Property 4: Significance threshold

For any non-negative integer newly_archived_count, the anomaly summary's is_significant flag SHALL be true if and only if newly_archived_count > 5.

Validates: Requirements 2.7

Property 5: Count delta computation

For any pair of non-negative integers (previous_count, current_count), the anomaly summary SHALL compute the delta as current_count - previous_count for both open and closed counts.

Validates: Requirements 2.1

Property 6: BU extraction preservation

For any raw Ivanti finding object with a non-empty assetCustomAttributes['1550_host_1'] array, extractFinding SHALL produce a finding object whose buOwnership field equals the first element of that array.

Validates: Requirements 3.1

Property 7: BU change detection and recording

For any finding that appears in both the previous and current sync results with different non-empty buOwnership values, the sync pipeline SHALL insert exactly one row into ivanti_finding_bu_history with the correct finding_id, previous_bu, and new_bu. For any finding that appears for the first time (no previous entry) or has the same BU value, no history row SHALL be inserted.

Validates: Requirements 3.2, 3.3, 3.6

Property 8: Latest anomaly returns most recent

For any non-empty sequence of anomaly summary rows with distinct timestamps, the /anomaly/latest endpoint SHALL return the row with the maximum sync_timestamp.
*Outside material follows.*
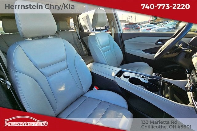Herrnstein Auto Group is proud to offer this 2023 Nissan Rogue SL in Pearl White Tricoat with Light Gray Leather. This Rogue is very well equipped with 1 Owner, Alloy Wheels, XM/Sirius Satellite Radio, iPod / USB Port, Auxiliary Audio Port, Backup Camera, Touchscreen Control Center, GPS / Navigation System, Bluetooth®, Voice Recognition, Apple CarPlay, Android Auto, Fog Lights, Blind Spot Monitor, and Adaptive Cruise Control SL Premium Package (Bose Premium Audio System, Front, Side & Rear Sonar, Motion Activated Power Liftgate, ProPILOT Assist w/Navi-link, Radio: AM/FM NissanConnect w/Navigation, Rear Door Sunshades, Traffic Sign Recognition, and Tri-Zone HVAC), Rogue SL, 1.5L I3 Turbocharged DOHC 12V LEV3-ULEV50 201hp, AWD, 19 Aluminum Alloy Wheels, 4-Wheel Disc Brakes, 5.604 Axle Ratio, 6 Speakers, ABS brakes, Air Conditioning, Alloy wheels, AM/FM Radio, AM/FM radio: SiriusXM, Auto High-beam Headlights, Auto-dimming Rear-View mirror, Automatic temperature control, Black Splash Guards (Set of 4), Brake assist, Bumpers: body-color, Chrome Rear Bumper Protector, Delay-off headlights, Driver door bin, Driver vanity mirror, Dual front impact airbags, Dual front side impact airbags, Electronic Stability Control, Emergency communication system: NissanConnect Services, First Aid Kit, Floor Mats w/2-Piece Cargo Area Protector, Four wheel independent suspension, Frameless Rearview Mirror w/Universal Remote, Front anti-roll bar, Front Bucket Seats, Front Center Armrest, Front dual zone A/C, Front reading lights, Fully automatic headlights, Heated door mirrors, Heated Front Bucket Seats, Heated front seats, Heated steering wheel, Illuminated entry, Illuminated Kick Plates, Knee airbag, Leather steering wheel, Leather-Appointed Seat Trim, Low tire pressure warning, Memory seat, NissanConnect featuring Apple CarPlay and Android Auto, Occupant sensing airbag, Outside temperature display, Overhead airbag, Overhead console, Panic alarm, Passenger door bin, Passenger vanity mirror, Power door mirrors, Power driver seat, Power Liftgate, Power moonroof, Power passenger seat, Power steering, Power windows, Radio data system, Rear anti-roll bar, Rear Parking Sensors, Rear reading lights, Rear seat center armrest, Rear side impact airbag, Rear window defroster, Rear window wiper, Remote keyless entry, Security system, Speed control, Speed-Sensitive Wipers, Split folding rear seat, Spoiler, Steering wheel mounted audio controls, Tachometer, Telescoping steering wheel, Tilt steering wheel, Traction control, Trip computer, Turn signal indicator mirrors, and Variably intermittent wipers. 28/34 City/Highway MPG

Validates: Requirements 2.5

Property 9: Anomaly history ordering and limit

For any set of N anomaly summary rows, the /anomaly/history endpoint (without date parameters) SHALL return min(N, 30) rows ordered by sync_timestamp descending.

Validates: Requirements 2.6, 7.2

Property 10: Date-range filtering with complete response shape

For any date range [from, to] and set of anomaly summary rows, the /anomaly/history endpoint SHALL return only rows whose sync_timestamp falls within the range (inclusive), ordered by sync_timestamp descending. Each returned row SHALL include sync_timestamp, open_count_delta, closed_count_delta, newly_archived_count, returned_count, classification (parsed as an object from classification_json), and is_significant.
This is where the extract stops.